A Snapshot of the Future Market Landscape

COVID-19 had resulted in a suspension of activity in much of the market. However, with lockdown restrictions slowly being eased, it is important to consider what a post COVID-19 landscape could look like.

Residential Development Market:

The fundamentals underpinning the residential real estate market remain as strong as ever and so, this sector of the market is likely to remain resilient in the medium and long term. Government targets for new housing are consistently not being met whilst at the same time the population continues to grow and change in both demographic and societal terms. Demand should therefore continue to be strong, even if there is a temporary dip during the phase-out period. In comparison retail, which was previously on the decline is likely to suffer both from the rise on online shopping and a reduction in demand from the middle class that has seen its disposable income squeezed over the last decade. It will be interesting to see how office spaces evolve in response to new pressures and demands, with anecdotal evidence suggesting that long term office space may suffer more than short term flexible serviced offices.

In the long term, we can be fairly confident that housing priorities will change, people may seek larger homes in more remote areas as home working takes hold. With the decline of certain types of commercial properties, the emergence of the proposed  ‘new build’ PDR category which will allow for a relatively quick change in use and the demolition of vacant commercial, industrial and residential blocks is likely to be popular.. Overall, this type of build is estimated to perform better in comparison to PD schemes and office conversions as there is a greater appetite for new builds which arguably come with fewer logistical challenges once the development is out of the ground and tend to provide a better end product. It may also provide new incentives to developers to increase the number and type of projects they can take on.


The Centre of Economics and Business Research has predicted a 13% housing price fall in 2020 whereas Savills has optimistically estimated that there could be price fall as little as 5% in the remainder of the year. Whilst it is difficult to predict how definitive these figures are, it is likely that there will be a short-term drop following the lift of lockdown.

A combination of interest rates and unemployment rates have historically determined the rise and fall of house prices. The speed at which house prices will stabilize will depend to some extent on whether companies decide to turn furloughing into redundancy and in which sectors. Happily, the availability of long-term mortgage finance which is generally the third pillar underpins prices seems to be relatively stable.

From a practical perspective, margins are already being squeezed and construction costs are creeping upwards. This could have a knock-on effect on pricing unless there is a reduction in land or existing building values. Most likely this will not happen, land prices will remain high in proportion to total development costs as sellers are in the main not under pressure to sell their sites. Many have become more sophisticated in terms of understanding the value and scarcity of land and are not generally willing to reduce prices considerably. This scarcity of suitable land may have a balancing effect on prices, particularly in urban areas, provided that the other three key fundamentals do not suffer too much.

Construction methods:

The COVID-19 crisis has in many ways, accelerated the adoption of technology in the property sector. From a lending perspective, Avamore has had to be agile in embracing new ways to get deals completed, including taking borrower meetings and site visits via video calls.

The rest of the industry will be no different. From a development perspective, modular construction has been slowly creeping into the sector over the past few years and arguably it takes events like the COVID crisis to speed up new practices being more widely accepted.

Modular developers are by no means exempt from the COVID consequences but this time has indicated the benefit of using more efficient methods to build sites with clear and consistent outcomes.
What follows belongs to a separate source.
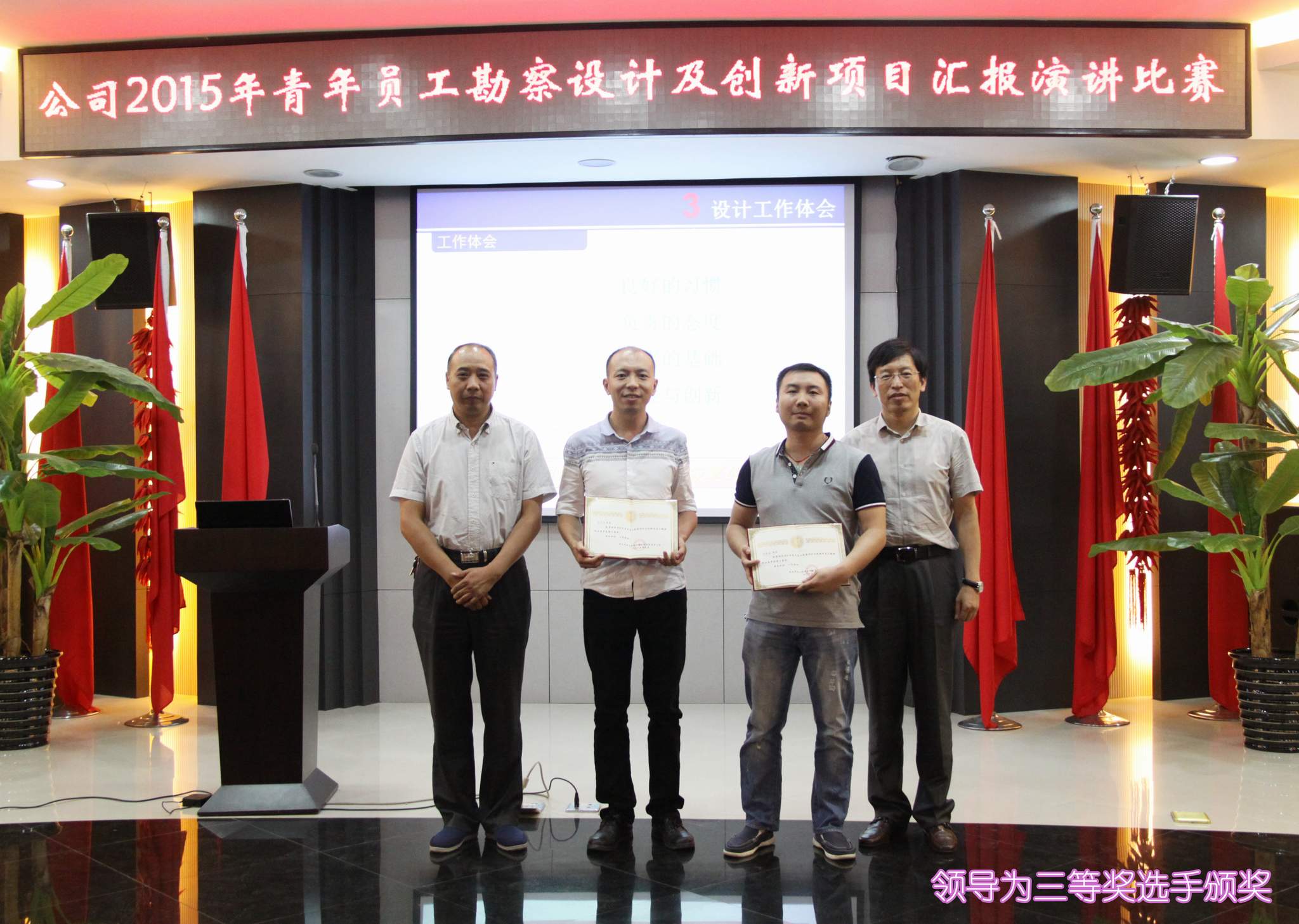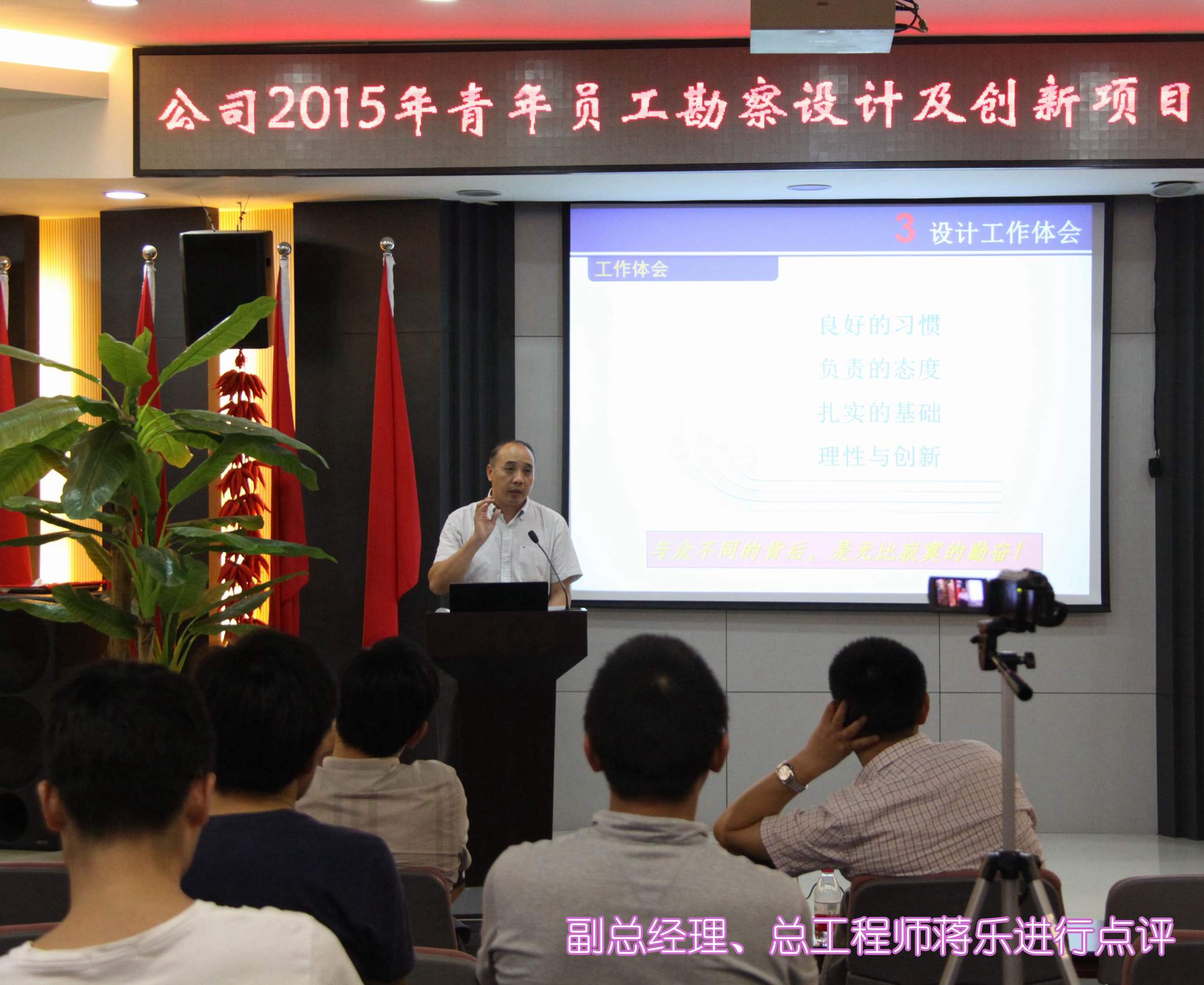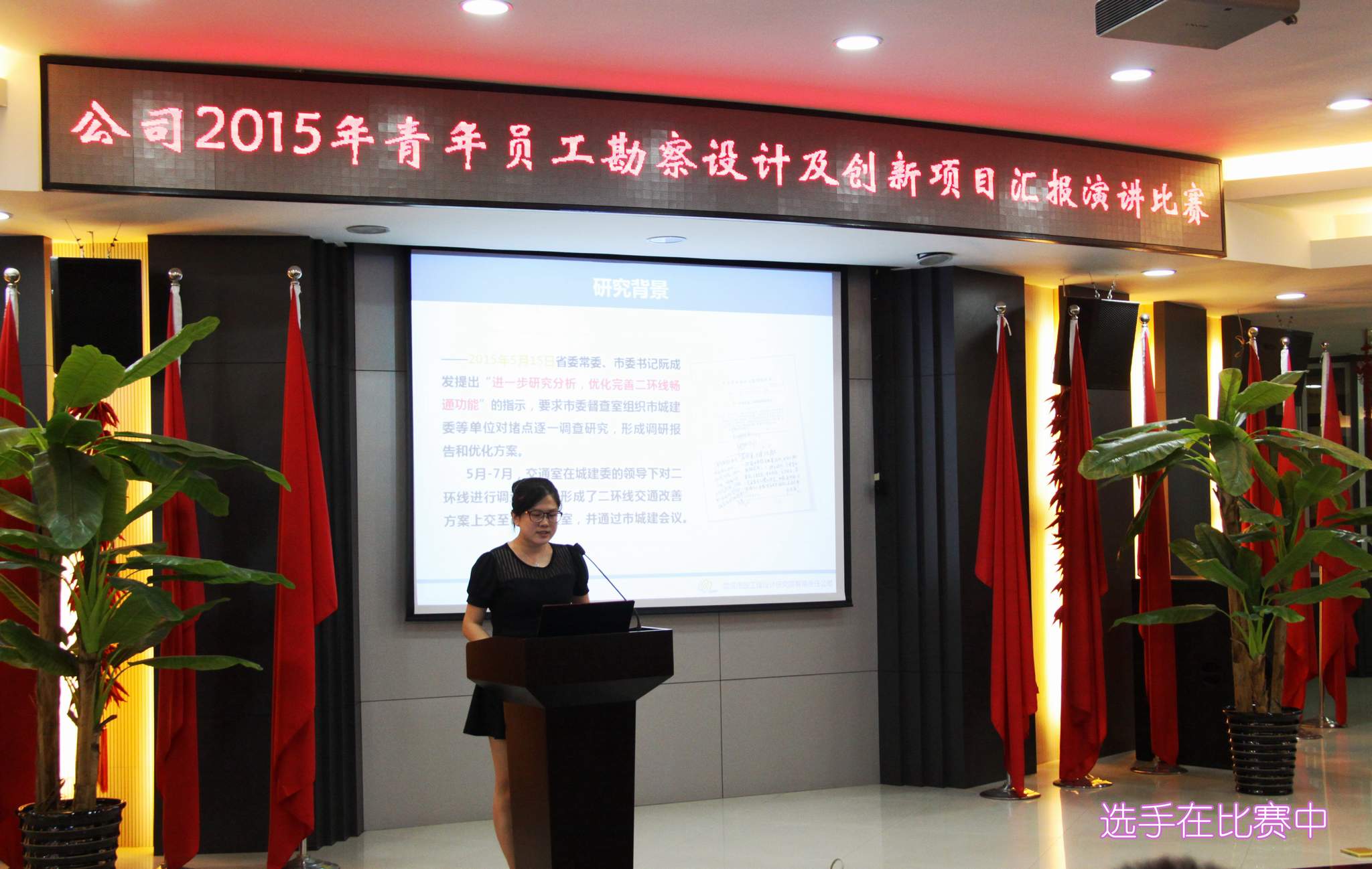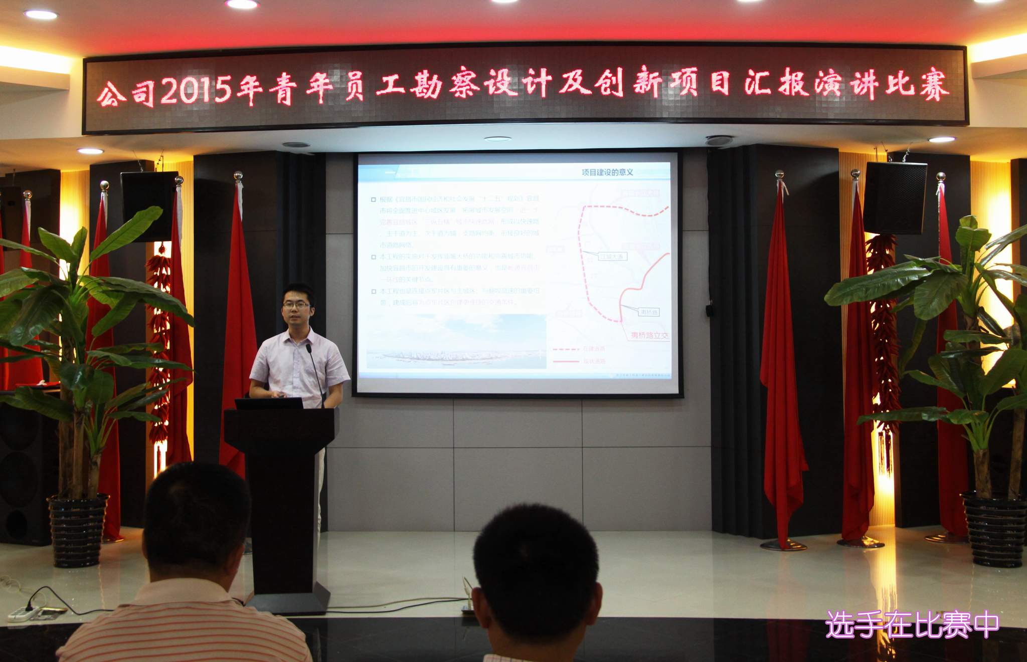 ??? 9月1日,一場以“創新”為主題的勘察設計及創新項目匯報演講比賽在公司二樓會議室隆重舉行。參加本次演講比賽的9位青年員工從各部門、各專業的精心選拔中脫穎而出,具備了一定的技術能力和演講水平,是青年員工中的佼佼者。 本次比賽吸引了近百名員工參加,由6名評委組成的評委會將根據演講人的綜合表現進行評分,并以此為依據確定名次。公司領導、相關部門負責人出席了本次活動。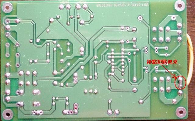 【「燈絲緩衝、高壓緩送」電路銲接面,注意圖中標示的接點要短路起來!!!】

Unfortunately, however, the same practical considerations which existed pre-COVID are likely to still exist as the market phases out of this crisis.

Specialist lenders in particular will still need to be confident that a high street lender will provide a residential or buy to let mortgage to a purchaser. If the Council of Mortgage Lenders are going to be able to fully embrace this method of non-standard construction, they are likely to still require assurances on the longevity and quality of the build. At the moment, and for the foreseeable future, the priority for specialist lenders will be the market recovery and servicing borrower demands for financing of traditional methods of construction. The growth of modular construction is something that Avamore has always promoted and is constantly working on in order to find practical, technical, and funding solutions that work for all parties.


The exact impacts of COVID-19 are difficult to predict. We can, however, be confident that in the short term there is likely to be a period of uncertainty that will feed into the number of sales and pricing, In the medium term any prolongation of uncertainty is likely to be directly correlated to the employment situation in the UK for the rest of the year and into 2021. In the meantime, priorities for most people who are looking to purchase, in terms of what lifestyle they need with working from home on a more extensive basis, have changed and that will shape the property landscape in the months ahead.